Segment Start: COLLECTED DATA

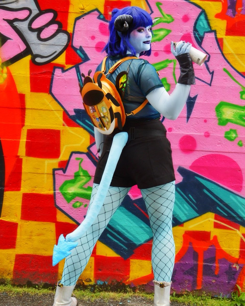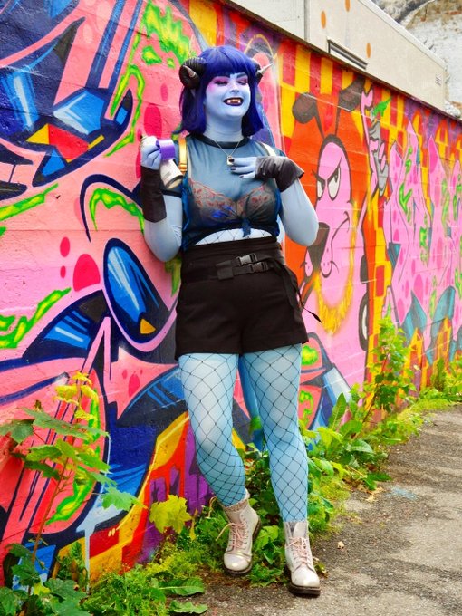 Today I found out that the "Courage the cowardly dog" mural has been redesigned, rip scardy dog *sends a kiss to the sky* 📸 @_KenCos_ Edit and model Me #jesterlavorre #criticalrolecosplay #criticalrole #jestercosplay #banksyjester
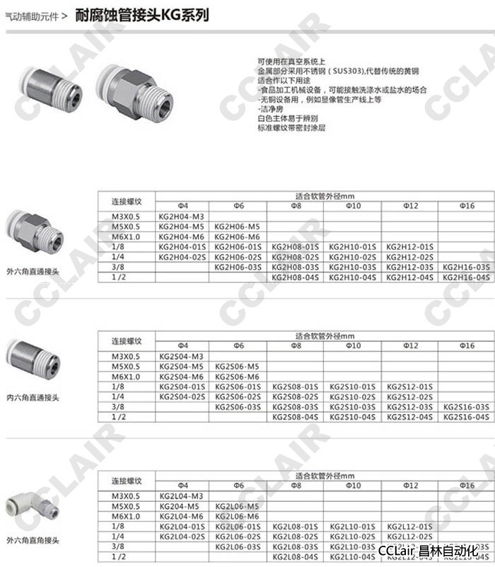 KG2S04,KG2S06,KG2S08,KG2S10,KG2S12,KG2S16,耐腐蝕管接頭
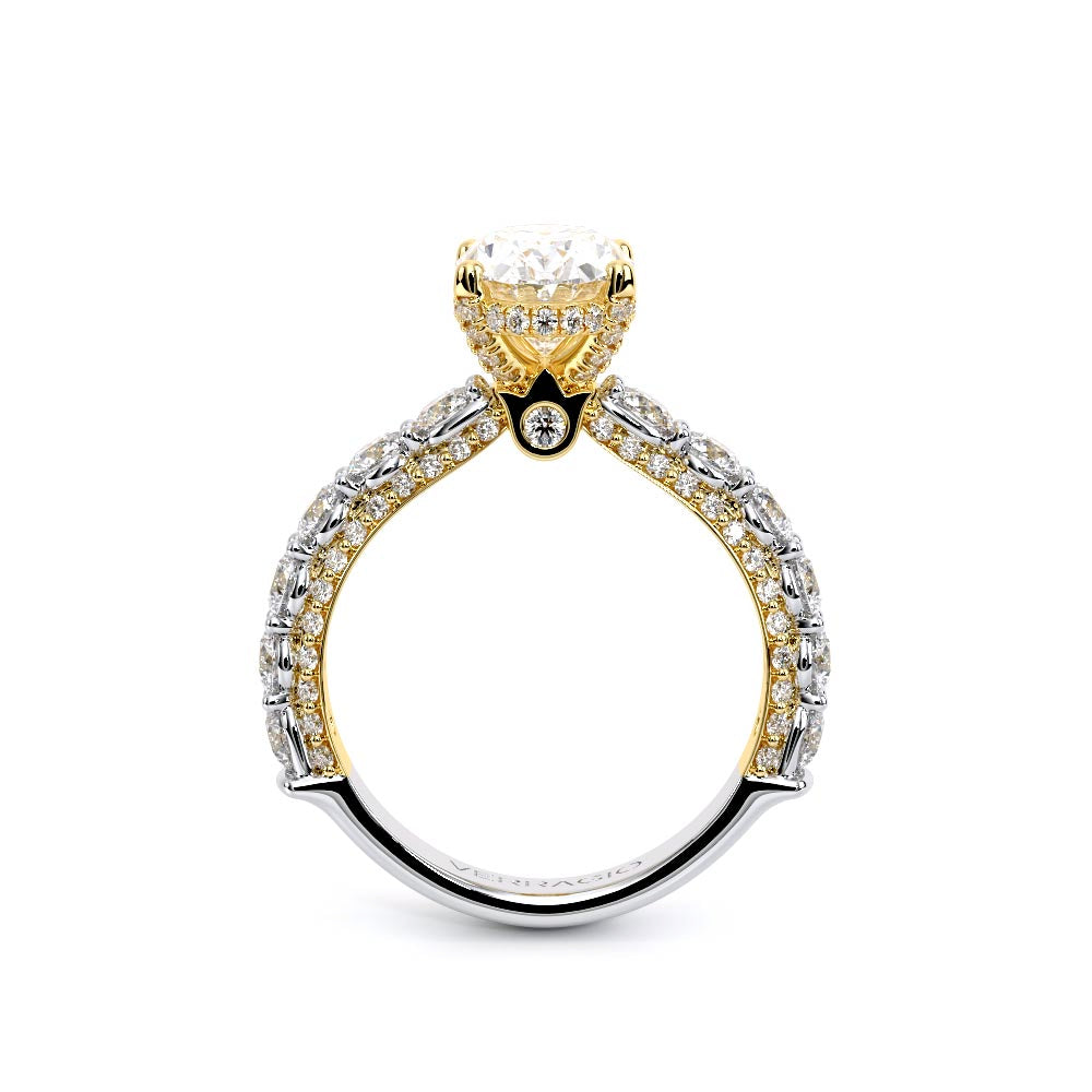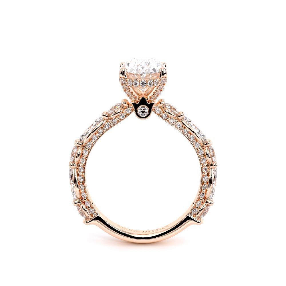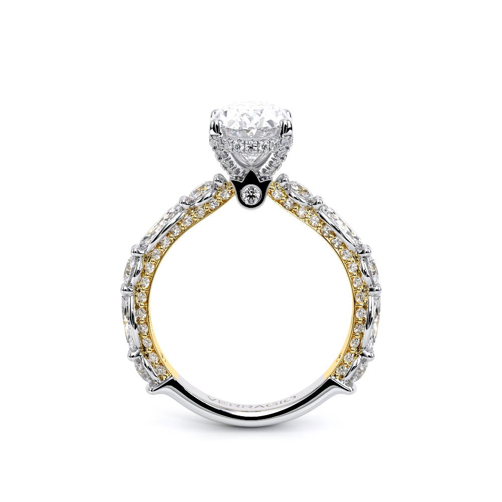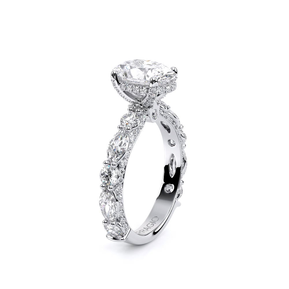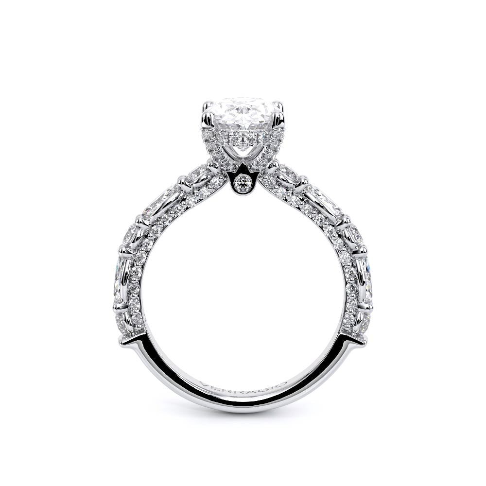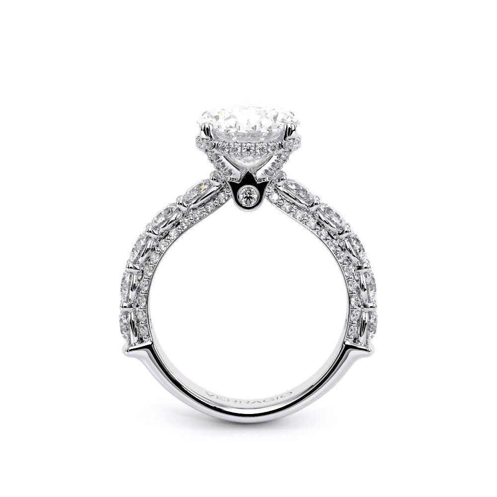Couture-0490OV-3.0 is an elevated four-prong engagement ring featuring a diamond-bridge head designed to highlight your center stone. Meticulously-set alternating round and marquise diamonds in a shared-prong setting wrap the elegant shank, enhanced with a pave-set three-quarter diamond riviera. The Verragio signature crest completes the statement look.

Segment End: COLLECTED DATA

Print the material above once more, exactly, minus the pictures.

 Today I found out that the "Courage the cowardly dog" mural has been redesigned, rip scardy dog *sends a kiss to the sky* 📸 @_KenCos_ Edit and model Me #jesterlavorre #criticalrolecosplay #criticalrole #jestercosplay #banksyjester
 KG2S04,KG2S06,KG2S08,KG2S10,KG2S12,KG2S16,耐腐蝕管接頭
Couture-0490OV-3.0 is an elevated four-prong engagement ring featuring a diamond-bridge head designed to highlight your center stone. Meticulously-set alternating round and marquise diamonds in a shared-prong setting wrap the elegant shank, enhanced with a pave-set three-quarter diamond riviera. The Verragio signature crest completes the statement look.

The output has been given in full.